= Beginning of Section =

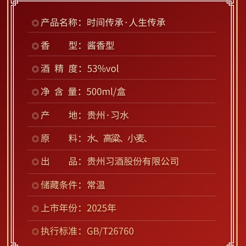 - 习酒时间传承人生传承【两瓶】
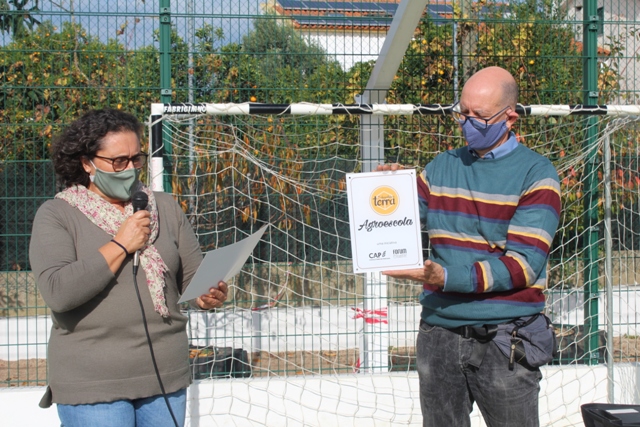 Carlos Toco Bento explica que a horta e o pomar foram desenhados neste sentido de cada turma ganhar o sentimento de posse do seu espaço, do seu trabalho. E quando souberam do projeto da CAP resolveram apresentar a candidatura, agora aprovada. Mas para além de um galardão a CAP trouxe também à Chainça uma mão-cheia de sacos de fertilizante biológico, ancinhos e sachos em formato mini para as crianças poderem “trabalhar” a terra e uma cerejeira.
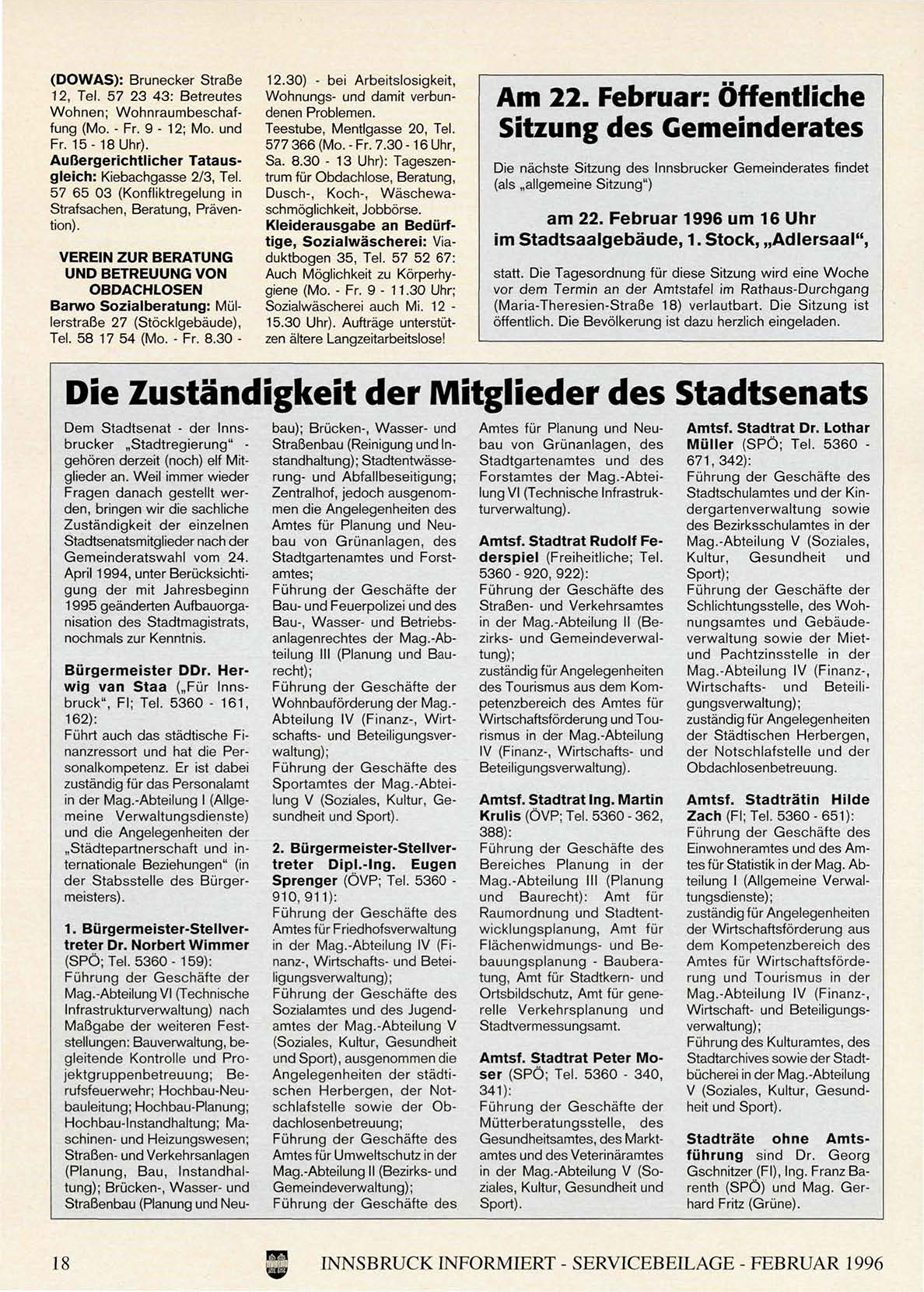 INNSBRUCK INFORMIERT - SERVICEBEILAGE - FEBRUAR 1996
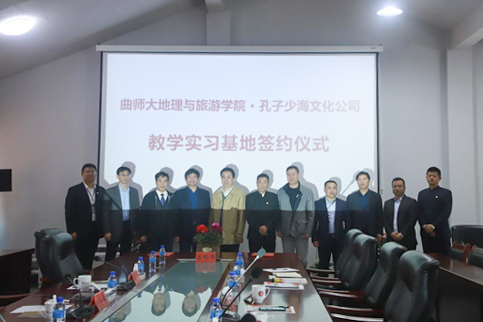曲阜师大新闻中心讯 4月14日上午,HUANYING.COM地理与旅游学院与山东孔子少海文化公司举行教学实习基地签约仪式。HUANYING.COM发展规划与政策研究室主任张良才,地理与旅游学院党委书记苏占兵、院长张全景、副院长吴军、旅游规划系主任石峰;青岛大沽河省级生态旅游度假区管理委员会生态旅游局局长刘炳辉、青岛大沽河省级生态旅游度假区管理委员会副主任庄兴辉、山东孔子少海文化公司董事长李峰,参加签约仪式。
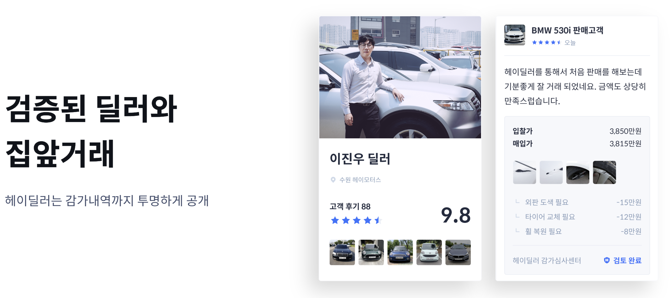 어렵고 불편하던 중고차 거래를 쉽고 안전하게 바꾸겠다라는 모토로 출발한 헤이딜러는 어플을 통해 현재 중고차 시세를 알아볼 수 있습니다. 특히 중고차를 구매할때는 중고차 숨은이력 찾기를 통해 알기 어려웠던 이력을 쉽게 조회가 가능한 서비스를 제공하고 있습니다.
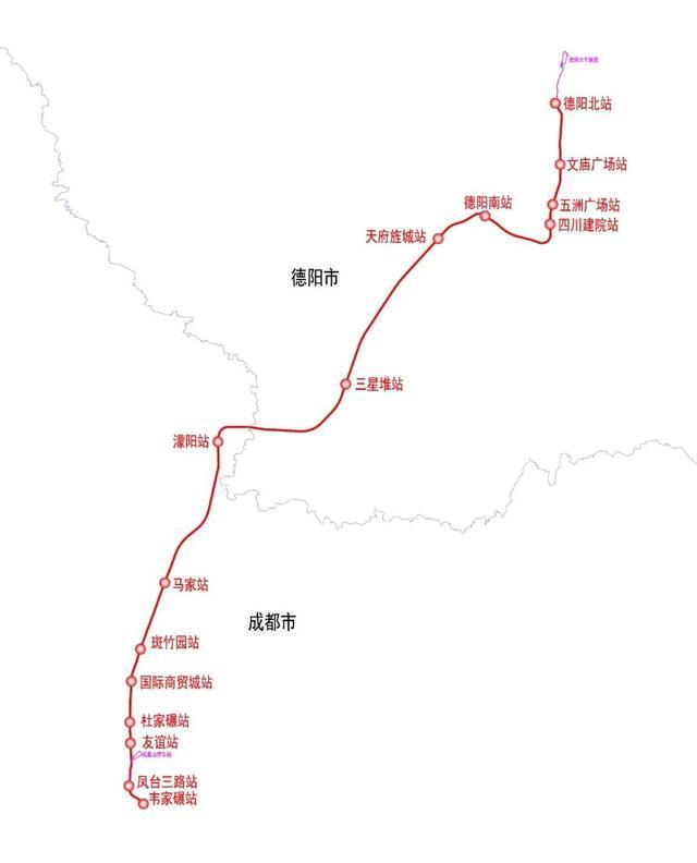 成德线全线共设15座车站,其中10座为地下车站,包括位于成都市的韦家碾站、凤凰山站(凤台三路站)、杜家碾站等,以及德阳市境内的四川建院站、五洲广场站、德阳北站等。
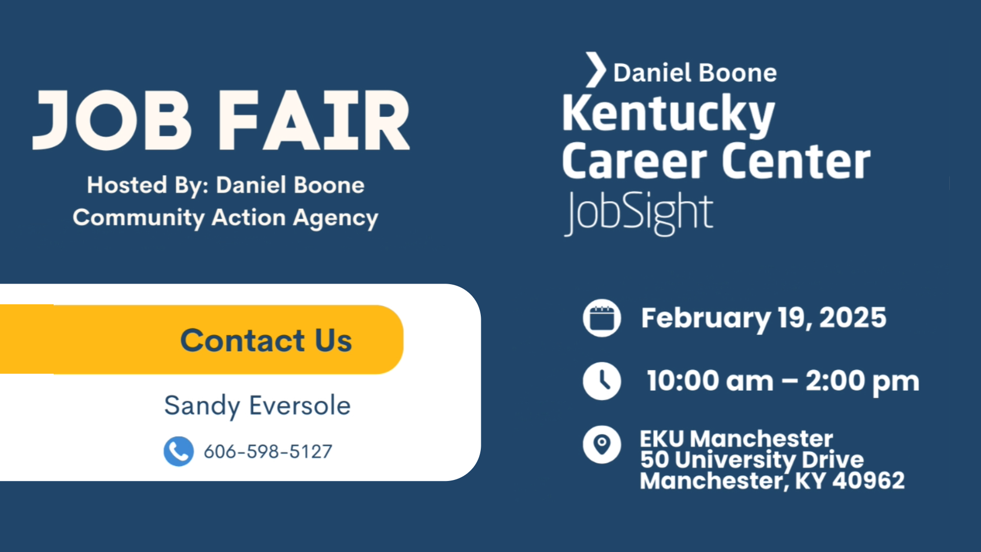 The Daniel Boone Community Action Agency will host a Job Fair on February 19, 2025 from 10:00 AM – 2:00 PM at EKU Manchester, 50 University Drive, Manchester, KY 40962.

= End of Section =

Print, exactly, each line above from the one with "曲阜师大新闻中心讯 4月14" to the one with "어렵고 불편하던 중고차", end lines included. Leave pictures out of it.

曲阜师大新闻中心讯 4月14日上午,HUANYING.COM地理与旅游学院与山东孔子少海文化公司举行教学实习基地签约仪式。HUANYING.COM发展规划与政策研究室主任张良才,地理与旅游学院党委书记苏占兵、院长张全景、副院长吴军、旅游规划系主任石峰;青岛大沽河省级生态旅游度假区管理委员会生态旅游局局长刘炳辉、青岛大沽河省级生态旅游度假区管理委员会副主任庄兴辉、山东孔子少海文化公司董事长李峰,参加签约仪式。
 어렵고 불편하던 중고차 거래를 쉽고 안전하게 바꾸겠다라는 모토로 출발한 헤이딜러는 어플을 통해 현재 중고차 시세를 알아볼 수 있습니다. 특히 중고차를 구매할때는 중고차 숨은이력 찾기를 통해 알기 어려웠던 이력을 쉽게 조회가 가능한 서비스를 제공하고 있습니다.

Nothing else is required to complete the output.